Hi Ahmet,
Another way to do it! Many thanks - very useful :)
But does anyone know why the a user association with my qos stopped jobs
running with InvalidQOS?
I can imagine using a user qos to override a partition qos being useful
for other things, so would be nice to know what I've done wrong.
Best,
Mark
On Wed, 1 Apr 2020, mercan wrote:
Hi;
If you have working job_submit.lua script, you can put a block new jobs of
the spesific user:
if job_desc.user_name == "baduser" then
return 2045
end
thats all!
Regards;
Ahmet M.
1.04.2020 16:22 tarihinde Mark Dixon yazdı:
Hi David,
Thanks for this, it sounds like I've not been trying crazy methods - but
they don't work for me:
- "sacctmgr modify user foo set qos=drain" did set up the association
("sacctmgr show associations" showed that QoS changed from "normal" to
"drain"), but this is when foo's jobs refused to start because of reason
"InvalidQOS".
- "sacctmgr update user foo set maxsubmitjobs=0" was ignored because qos
were already set on the partitions.
But... good news!
We hadn't used GrpSubmitJobs in any of our qos, so "sacctmgr modify user
foo set GrpSubmitJobs=0" isn't overridden anywhere, and the effect is
exactly what I wanted - thanks!
But if anyone knows why my attempt at using a "drain" qos stopped foo's
previously submitted jobs from running, I'd be very interested to hear
about it.
Thanks again,
Mark
On Wed, 1 Apr 2020, David Rhey wrote:
Hi Mark,
I *think* you might need to update the user account to have access to
that
QoS (as part of their association). Using sacctmgr modify user <foo> +
some
additional args (they escape me at the moment).

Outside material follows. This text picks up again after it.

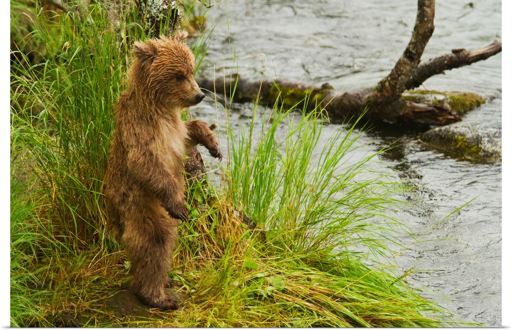 <p>Brown bear (Ursus arctos) cub standing in grass at edge of Brooks River in rain, while mother is fishing for salmon, Katmai National Park, Alaska.</p>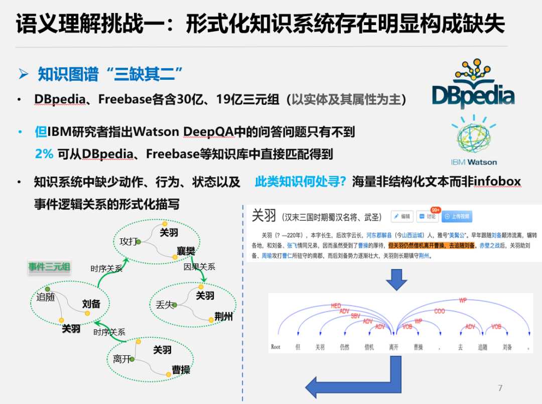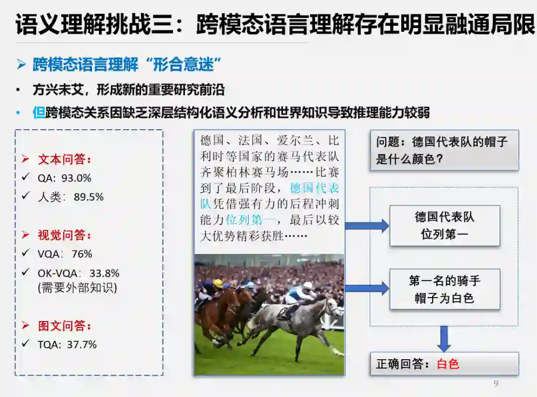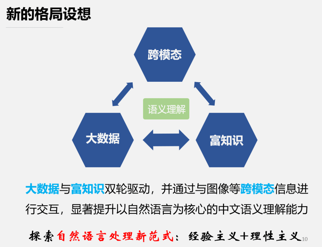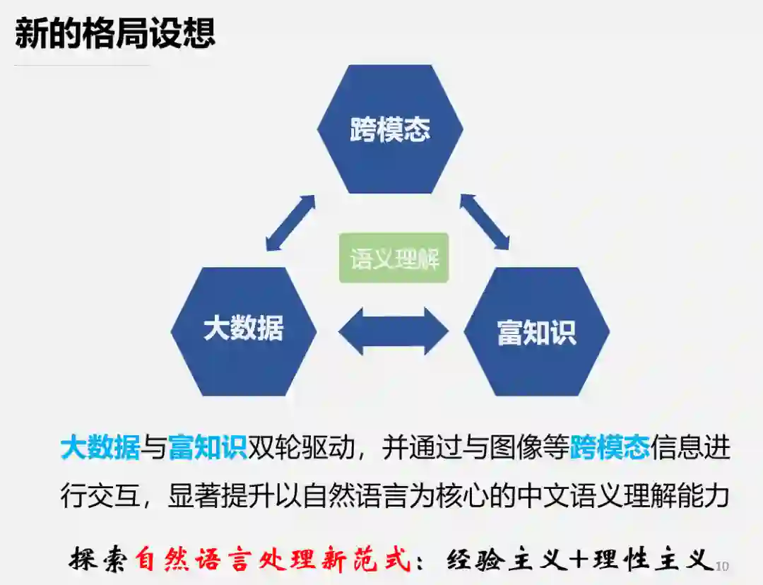 图注:何晓东 来自京东数科的何晓东博士认为有效利用多模态信息是走向通用人工智能的非常重要的方向。因为人的信息肯定是从多个模态来的,很多信息光读文本很难判断。举个简单例子,光看文本不能区别出颜色的意义,红色、绿色对文本来说是个符号。所以从这个角度来说,多模态肯定是 AI 走向通用智能的重要方向。但另一方面,利用多模态信息也非常困难。比如“看图说话”这件事情以前一直做不了,是因为图片本身的模型算法和语言算法完全不一样,到了深度学习提出概念做Embedding以后,才看到一些有意思的新希望。近年有研究将不同模态的数据表示投影到统一的连续空间,在这个空间中做转换运算,将原始的输入转换为抽象的表达,从这些抽象的表达中生成文本或图像。在这类研究中,如何学习一个通用的共有的语义空间,使得不同模态的信号能进行比较或者进行计算转换,以及在不同模态之间如何做映射,都是值得研究的问题,也是最近逐渐兴起的研究方向。这个方向有些意义和用途,比如最近很多做人工智能内容生成的算法模型开始实用化,京东用类似的模型,给定商品规格、商品图片,就可以生成一段关于描述这个商品的广告词,这是一个很简单的应用。反过来也一样,例如画一幅画,描述画一只鸟,是蓝色的背、红色肚皮,模型就可以创作出来,可以做更多创作性应用。另外何晓东博士指出,孙茂松教授提出的三个挑战对应的愿景是很好的技术路线,是否能定义一个评价标准,或者是一个具体的任务,来作为向这些愿景前进的量化评判方法。例如知识图谱从“三缺其二”到“三分归一”中,对于三元组的知识现有的评价任务是QA,而“三缺其二”中的“其二”可能需要更具现实意义的大规模任务来判定,这个任务是什么。其他两个愿景也是如此,应该利用什么任务进行评判。

Also, you *might* have been able to set the MaxSubmitJobs at their
account
level to 0 and have them run without having to do the QoS approach - but
that's just a guess on my end based on how we've done some things here.
We
had a "free period" for our clusters and once it was over we set the
GrpSubmit jobs on an account to 0 which allowed in-flight jobs to
continue
but no new work to be submitted.
HTH,
David
On Wed, Apr 1, 2020 at 5:57 AM Mark Dixon <mark.c.di...@durham.ac.uk>
wrote:
Hi all,
I'm a slurm newbie who has inherited a working slurm 16.05.10 cluster.
I'd like to stop user foo from submitting new jobs but allow their
existing jobs to run.
We have several partitions, each with its own qos and MaxSubmitJobs
typically set to some vaue. These qos are stopping a "sacctmgr update
user
foo set maxsubmitjobs=0" from doing anything useful, as per the
documentation.
I've tried setting up a competing qos:
sacctmgr add qos drain
sacctmgr modify qos drain set MaxSubmitJobs=0
sacctmgr modify qos drain set flags=OverPartQOS
sacctmgr modify user foo set qos=drain
This has successfully prevented the user from submitting new jobs, but
their existing jobs aren't running. I'm seeing the reason code
"InvalidQOS".
Any ideas what I should be looking at, please?
Thanks,
Mark
--
David Rhey
---------------
Advanced Research Computing - Technology Services
University of Michigan
--
Mark Dixon <mark.c.di...@durham.ac.uk> Tel: +44(0)191 33 41383
Advanced Research Computing (ARC), Durham University, UK